Assignment:
Write out again, exactly, the lines below starting at the one with "Запрошую на авторський" and ending at the one with "Merry Christmas Vintage, Water".

Data for this task:
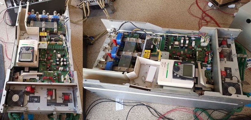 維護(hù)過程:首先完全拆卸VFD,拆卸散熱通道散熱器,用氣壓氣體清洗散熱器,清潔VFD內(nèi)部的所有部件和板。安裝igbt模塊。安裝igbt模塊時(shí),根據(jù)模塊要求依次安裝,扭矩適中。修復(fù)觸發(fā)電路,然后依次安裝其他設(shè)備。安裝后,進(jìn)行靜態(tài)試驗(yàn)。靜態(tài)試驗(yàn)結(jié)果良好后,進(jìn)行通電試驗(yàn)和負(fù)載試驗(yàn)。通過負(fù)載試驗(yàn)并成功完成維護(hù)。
...
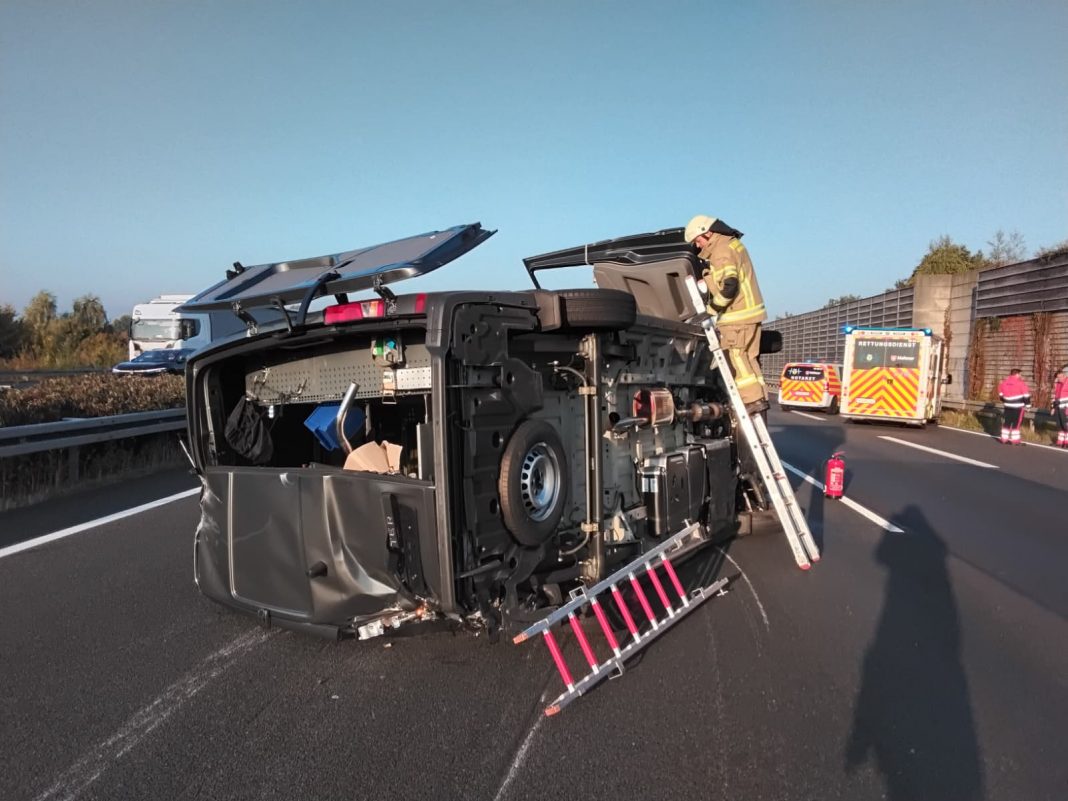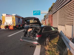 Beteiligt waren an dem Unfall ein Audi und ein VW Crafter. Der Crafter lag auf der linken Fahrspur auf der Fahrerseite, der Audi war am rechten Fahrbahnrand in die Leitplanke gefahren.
* * *
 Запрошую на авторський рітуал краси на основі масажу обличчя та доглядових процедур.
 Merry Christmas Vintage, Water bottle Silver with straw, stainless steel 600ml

Answer box:
 Запрошую на авторський рітуал краси на основі масажу обличчя та доглядових процедур.
 Merry Christmas Vintage, Water bottle Silver with straw, stainless steel 600ml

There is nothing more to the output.